Terapi non farmakologi

Meskipun sebagian besar pasien tidak merespon perubahan gaya hidup seorang, pentingnya memelihara perubahan gaya hidup terapi GERD harus ditekankan pada pasien secara rutin. perubahan gaya hidup tersebut meliputi

(1) menurunkan berat badan;

(2) mengangkat kepala tempat tidur;

(3) makan makanan kecil dan menghindari makanan 3 jam sebelum tidur;

(4) hindari makanan atau obat yang memperburuk GERD;

(5) berhenti merokok; dan

(6) menghindari alkohol

Makanan yang tinggi lemak menurunkan tekanan sfingter esofagus bagian bawah selama 2 jam atau lebih postprandially. Sebaliknya, tinggi protein, makanan rendah lemak mengangkat tekanan sfingter esofagus bagian bawah. Meninggikan kepala tempat tidur sekitar 6 sampai 10 inci dengan busa wedge bawah kasur (tidak hanya mengangkat kepala dengan bantal) menurun nokturnal waktu kontak asam esophagus dan harus direkomendasikan. obat-obatan dan riwayat makanan pasien harus dievaluasi untuk mengidentifikasi faktor-faktor potensial yang dapat memperburuk gejala GERD.

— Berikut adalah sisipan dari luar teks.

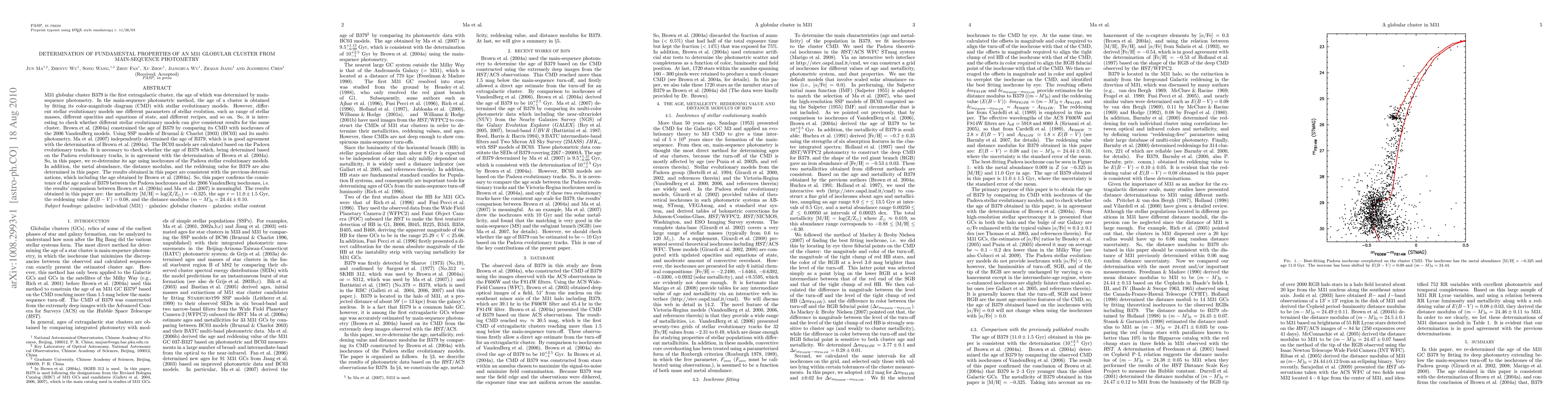 M31 globular cluster B379 is the first extragalactic cluster, the age of which was determined by main-sequence photometry. In this method, the age of a cluster is obtained by fitting its CMD with stellar evolutionary models. However, different stellar evolutionary models use different parameters of stellar evolution, such as range of stellar masses, different opacities and equations of state, and different recipes, and so on. So, it is interesting to check whether different stellar evolutionary models can give consistent results for the same cluster. Brown et al. (2004a) constrained the age of B379 by comparing its CMD with isochrones of the 2006 VandenBerg models. Using SSP models of BC03 and its multi-photometry, Ma et al. (2007) independently determined the age of B379, which is in good agreement with the determination of Brown et al. (2004a). The BC03 models are calculated based on the Padova evolutionary tracks. It is necessary to check whether the age of B379 which, being determined based on the Padova evolutionary tracks, is in agreement with the determination of Brown et al. (2004a). So, in this paper, we re-determine its age using isochrones of the Padova stellar evolutionary models. In addition, the metal abundance, the distance modulus, and the reddening value for B379 are also determined in this paper. The results obtained in this paper are consistent with the previous determinations, which including the age obtained by Brown et al. (2004a). So, this paper confirms the consistence of the age scale of B379 between the Padova isochrones and the 2006 VandenBerg isochrones, i.e. the results' comparison between Brown et al. (2004a) and Ma et al. (2007) is meaningful. The results obtained in this paper are: the metallicity [M/H]=-0.325, the age $\tau=11.0\pm1.5$ Gyr, the reddening value E(B-V)=0.08, and the distance modulus $(m-M)_{0}=24.44\pm0.10$.
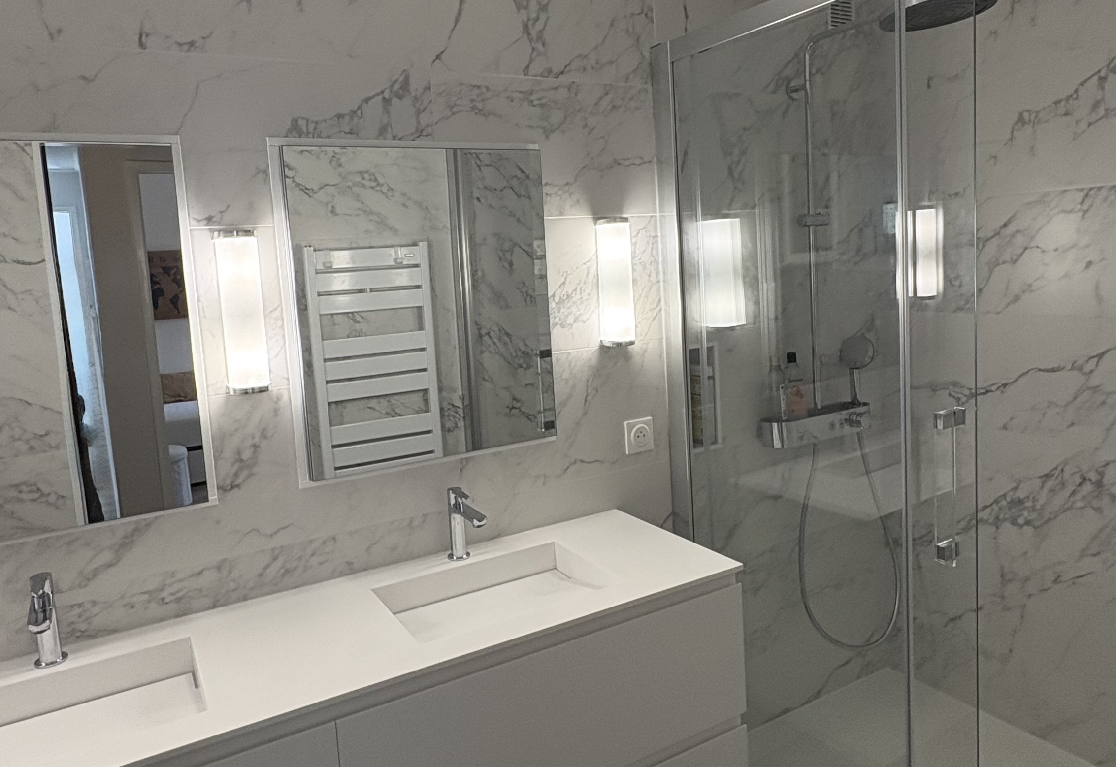 Nous utilisons des matériaux professionnels et durables, adaptés à chaque pièce et aux contraintes spécifiques (humidité, usage quotidien, résistance à l’eau), et nous vous proposons des solutions sur mesure pour harmoniser l’ensemble de votre intérieur.

6. Identifikasi Problem Medik dan usulan penanganannya

7. Pemantauan Terapi Obat

o Memantau menghilangkan gejala dan adanya kompleks gejala, seperti kesulitan menelan, nyeri menelan, atau penurunan berat badan yang tidak dapat dijelaskan.

o Catat frekuensi dan tingkat keparahan gejala dengan mewawancarai pasien setelah 6 sampai 8 minggu asam-penekanan terapi. gejala terus dapat menunjukkan perlunya Jangka panjang terapi pemeliharaan.

o Pantau adanya reaksi obat yang merugikan, interaksi obat-obat, dan kepatuhan dengan regimen terapi awalnya dan setiap kali ada perubahan gejala atau obat.

o Memberikan informasi tentang gejala-gejala yang menyarankan adanya komplikasi yang memerlukan perhatian medis segera, seperti disfagia atau odynophagia.

o Rujuk pasien yang gejala atipikal seperti batuk, asma non-alergi, atau nyeri dada dengan dokter mereka untuk evaluasi diagnostik lebih lanjut.